In 1989, she sang once again at the Ballroom in New York and returned to Europe for the first time in 30 years to headline the BRT's "Gala Bertjes" TV special in Brussels as well as the "Etoile Palace" program in Paris hosted by Frederic Mitterrand. In March 1990, she played the role of Heidi in Stephen Sondheim's Follies, in Long Beach, California, her first attempt at serious theater since Flahooley in 1951. She also gave several concerts in the summer of 1996 in San Francisco and Hollywood as well as two more in Montreal, Canada, in July 1997 as part of the Montreal International Jazz Festival.
In 1992, Günther Czernetsky directed a documentary for German television entitled Yma Sumac — Hollywoods Inkaprinzessin (Yma Sumac — Hollywood's Inca Princess).
With the resurgence of lounge music in the late 1990s, Sumac's profile rose again when the song "Ataypura" was featured in the Coen Brothers film, The Big Lebowski. Her song "Bo Mambo" appeared in a commercial for Kahlúa liquor and was sampled for the song "Hands Up" by The Black Eyed Peas. The song "Gopher Mambo" was used in the films Ordinary Decent Criminal, Dead Husbands, and Confessions of a Dangerous Mind. "Gopher Mambo" was also used in an act of the Cirque Du Soleil show Quidam. The songs "Goomba Boomba" and "Malambo No. 1" appeared in Death to Smoochy.

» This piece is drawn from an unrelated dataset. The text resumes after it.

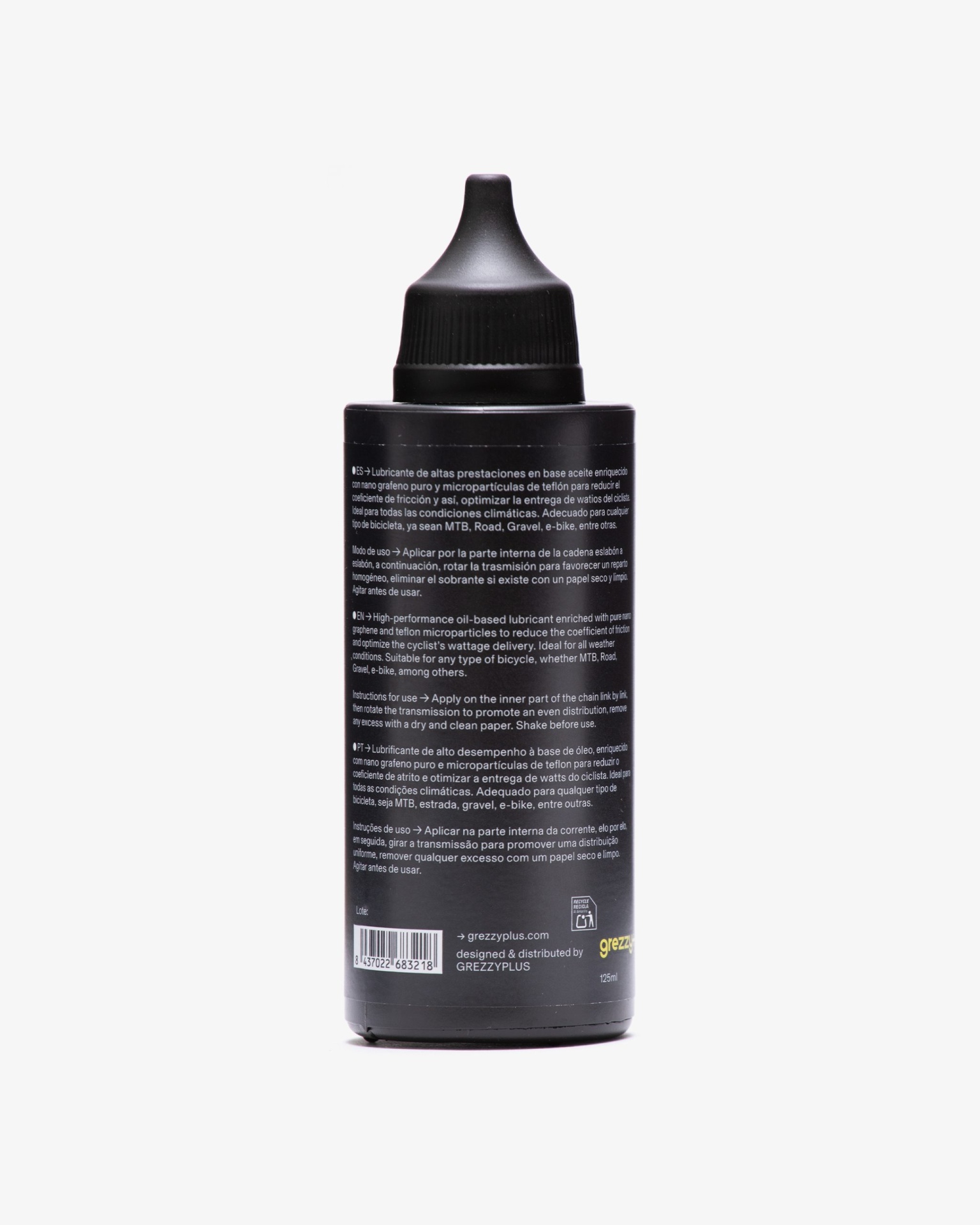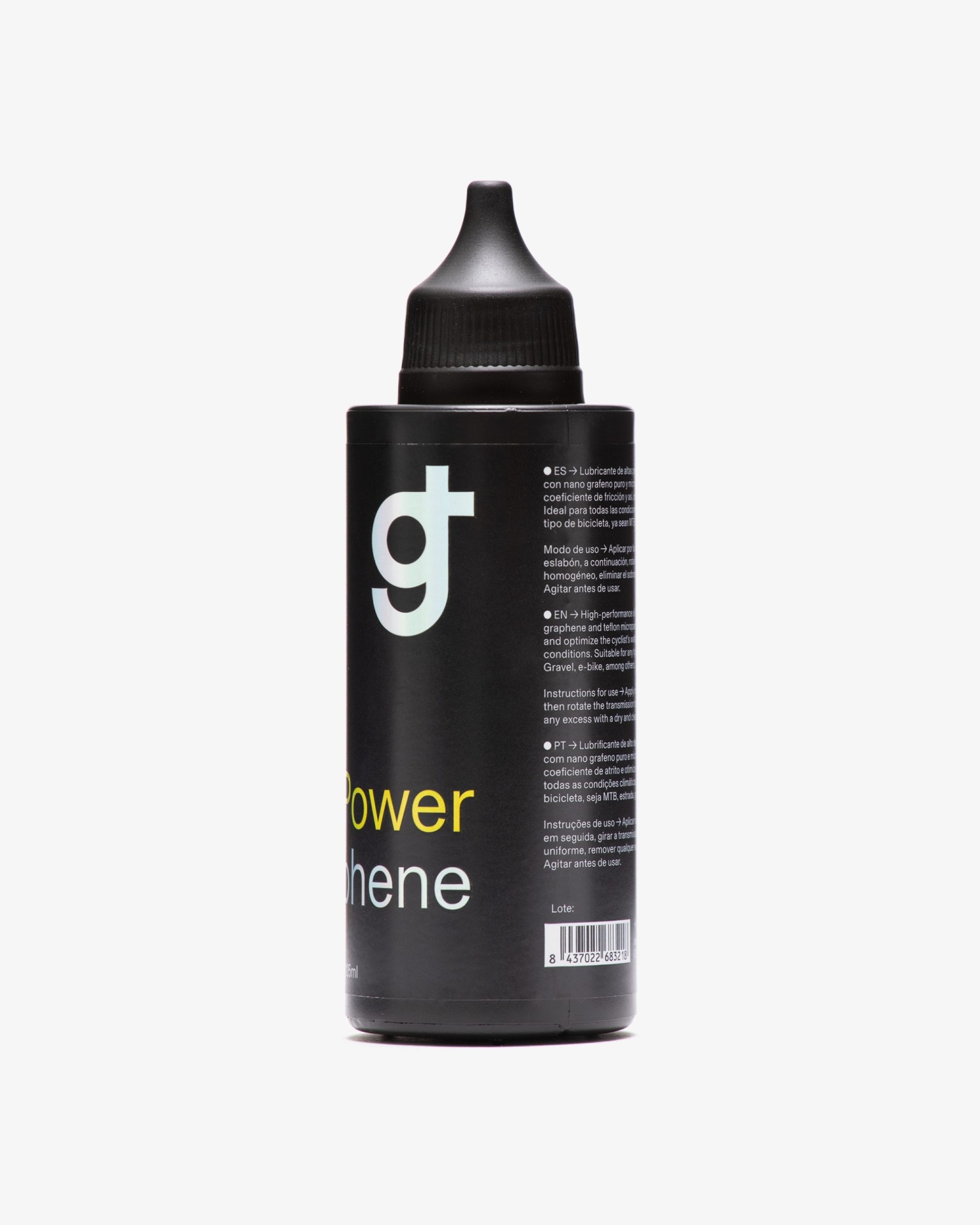 O lubrificante Oil PowerGraphene é um óleo de alto desempenho que combina óleo base, aditivos de nanografeno 100% puro, hidrocarbonetos e Teflon. Projetado para otimizar a entrega de potência do ciclista sobre a transmissão, este lubrificante cerâmico proporciona uma redução significativa no coeficiente de atrito.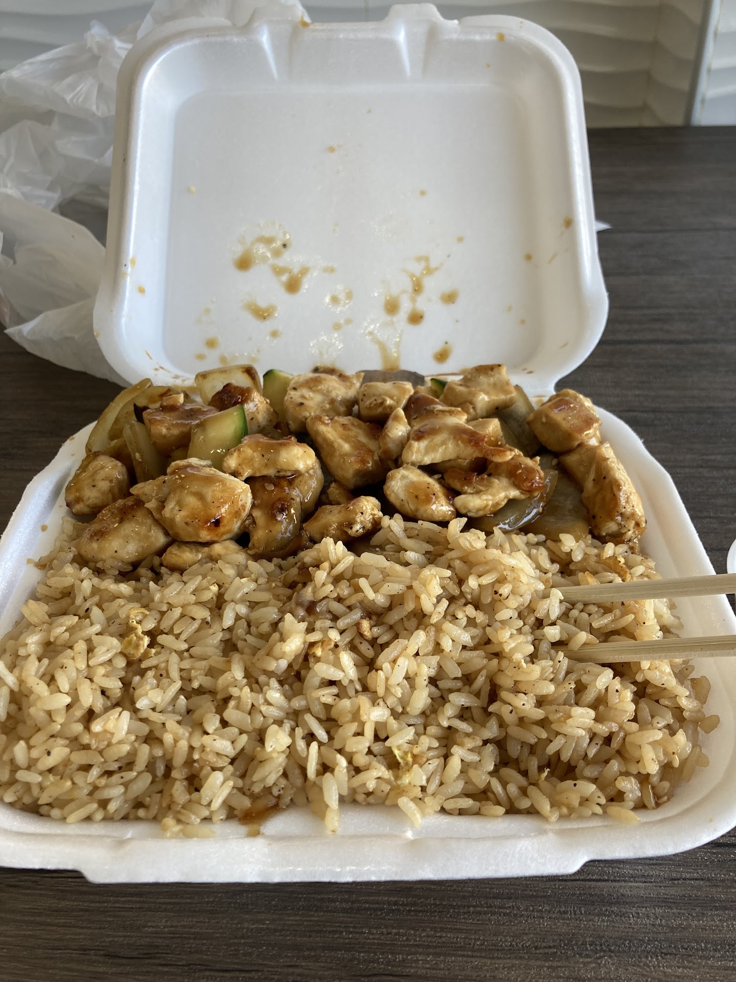 I had the Hibachi Chicken for lunch and it was as good or better as any I have eaten. There was enough to share, or in my case to take to the hotel for another meal. In the picture, yummy veggies are hiding under the chicken. Friendly service from the manager (perhaps owner). You order at the counter and they yell out your name to pick it up (welcome to a small, southern town!). Dine in is very informal (chose a table, grab your drink and utensils, have a seat) or you can carry out. This is directly behind the Delta hotel so don't miss having a meal here while at the hotel (lots lots better than the hotel restaurant, which I only recommend...

On May 6, 2006, Sumac flew to Lima, where she was presented the Orden del Sol award by Peruvian President Alejandro Toledo and the Jorge Basadre medal by the Universidad Nacional Mayor de San Marcos.[15]
Yma Sumac died on November 1, 2008, aged 86 at an assisted-living home in Los Angeles, nine months after being diagnosed as having colon cancer. She was interred at the Hollywood Forever Cemetery in Hollywood, California in the "Sanctuary of Memories" section.
[edit] Critical receptionIn 1954, classical composer Virgil Thomson described her voice as "very low and warm, very high and birdlike", noting that her range "is very close to four octaves, but is in no way inhuman or outlandish in sound."[11]